Laboratory equipment for medical issues – such as blood tests – and production equipment for medical accessories have one thing in common: They are difficult to plan, as so many different components are involved. Where should which pumps and which dosing systems be located in order to produce and analyze a biochip, for example, in the best way possible?
So far, manufacturers of complex laboratory equipment have first drawn up various concepts and created engineering drawings before building the actual devices. Nevertheless, when it comes to the test, the machines often do not function as expected. The planning process starts over again – a costly business. And this is not the only problem: The designers tend to use components and technologies of which they already have some experience. However, these are not always the ones that would be best for the system.
The new ‘Modular Process Automation Laboratory m:Pal’ platform makes it possible to plan complex laboratory equipment faster and more efficiently. It comes as a construction kit in which pumps, incubators, dosing devices and camera modules can be slotted together in any way desired and tried out immediately – in much the same way as Lego bricks.
The ‘m:Pal’ system was developed by research scientists at the Fraunhofer Institute for Manufacturing Engineering and Automation IPA in Stuttgart. “We have developed a kind of playground in which we can straightforwardly test all the techniques and choose the ones that are most suitable for the problem in hand. Each module is completely autonomous and can therefore be operated on its own,” explains IPA team leader Andreas Traube. “The crucial issue was the software architecture, as the required modules have to work immediately at the push of a button when you fit them together.”

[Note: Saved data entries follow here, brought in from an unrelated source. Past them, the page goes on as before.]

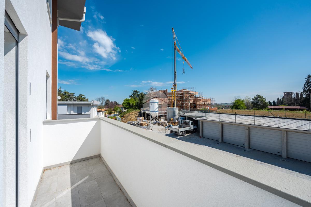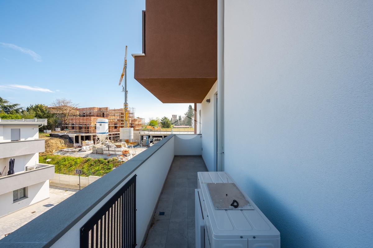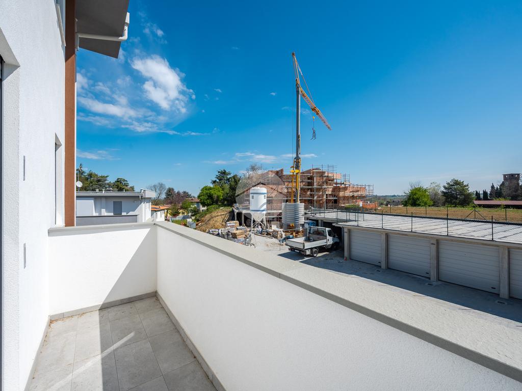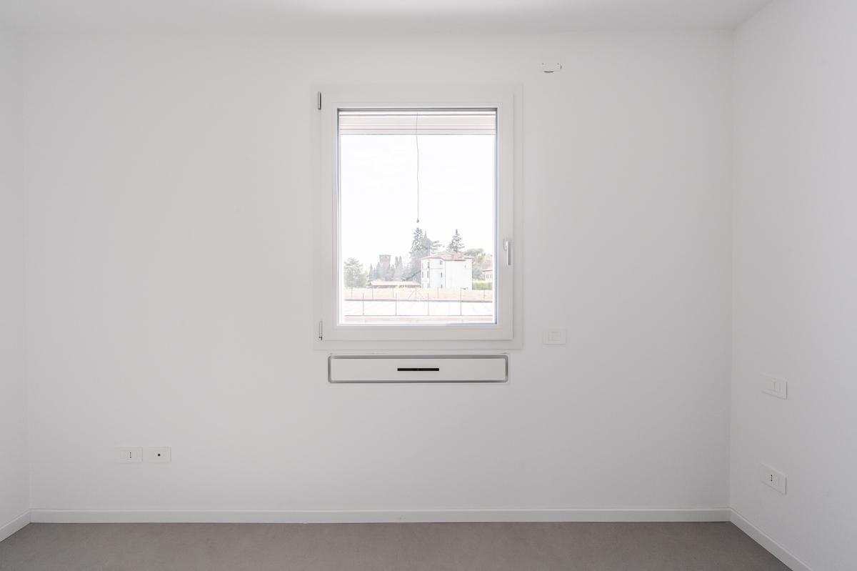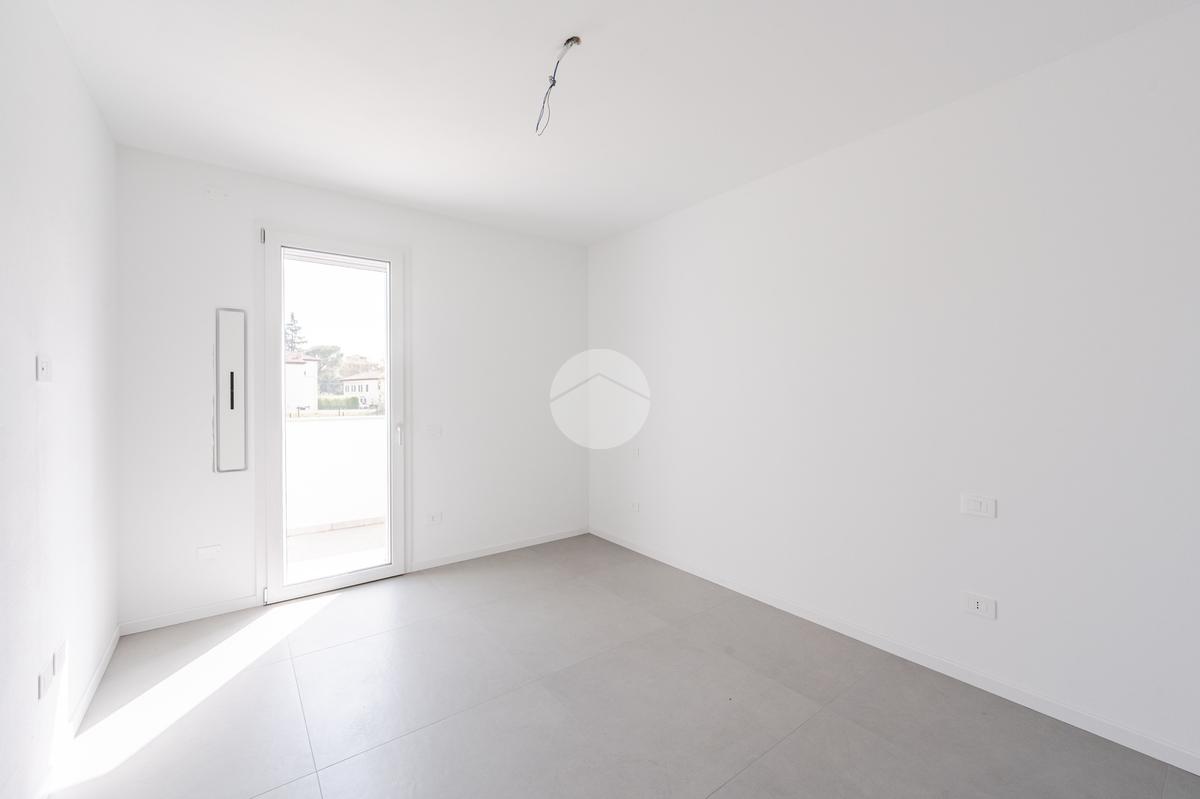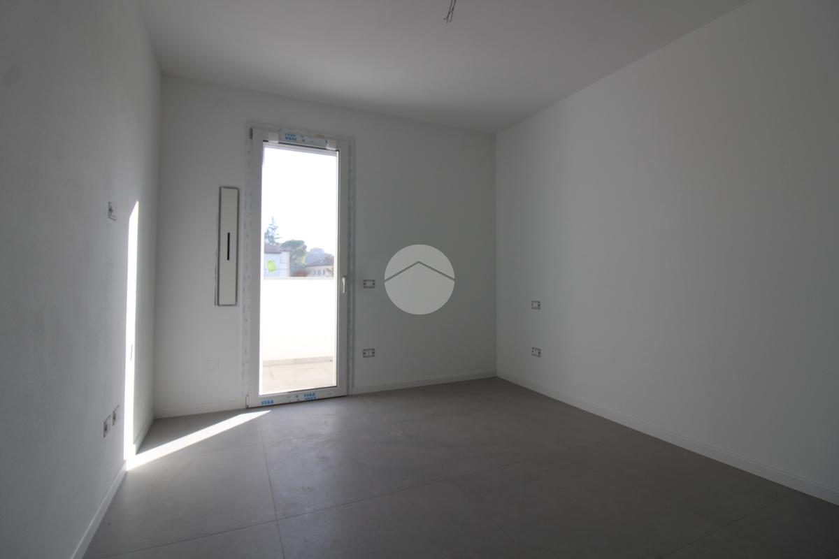 L'immobile, al secondo piano, sarà così composto: ingresso su soggiorno con cucina a vista, una camera matrimoniale, due camere singole, disimpegno zona notte, due bagni (uno finestrato ed uno cieco); completano la proprietà due balconi (uno di 19mq) ed una cantina.
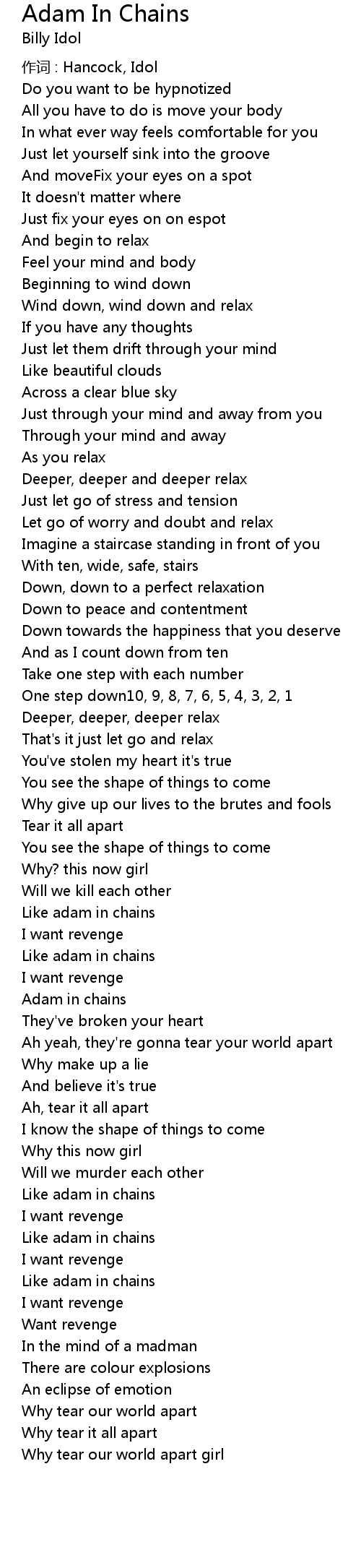 | Song | Adam In Chains |
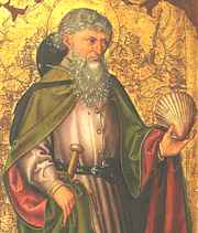 Иаков Старший(Зеведеев) присутствовал при самых ответственных минутах деятельности И. Христа, даже при воскрешении дочери Иаира(Мк. 5, 37 42; Лк. 8, 51 55)изображается с саблей, которой он был обезглавлен в память о том, что он был первым из казненных апостолов. Его считают покровителем паломников в Святую Землю, отчего в его изображении часто присутствуют посох, дорожная бутыль и створчатая раковина, которые в те времена часто использовались в роли ложек и небесный покровитель Испании. Согласно преданию, после мученической кончины апостола в 44 году на Святой земле, его останки были положены в лодку и пущены по волнам Средиземного моря. Чудесным образом эта лодка приплыла в Испанию и была выброшена на берег в устье реки Улья. В 813 году, как гласит церковное предание, живший в этой местности монах отшельник Пелайо, следуя за некоей путеводной звездой, обнаружил этот ковчег, с мощами, которые оставались нетленными. Позже там появится город Сантьяго де Компостела (от лат. Campus Stellae– «Место, обозначенное звездой»).

The platform is intended to give manufacturers of small batches a high degree of flexibility in future. “Producers of hearing aids or other medical products that come in different versions or are constantly coming out as new models can use ‘m:Pal’ as a production tool. Up to now the whole production line had to be replaced for every new model – but with ‘m:Pal’, it is sufficient to adapt one or two modules. This makes it possible to save up to 50 percent of the costs,” says Traube. Manufacturers can also automate a smaller production line step by step, gradually acquiring new modules as the throughput increases.
The researchers will be presenting ‘m:Pal’ at the MEDTEC trade fair in Stuttgart on March 11 through 13.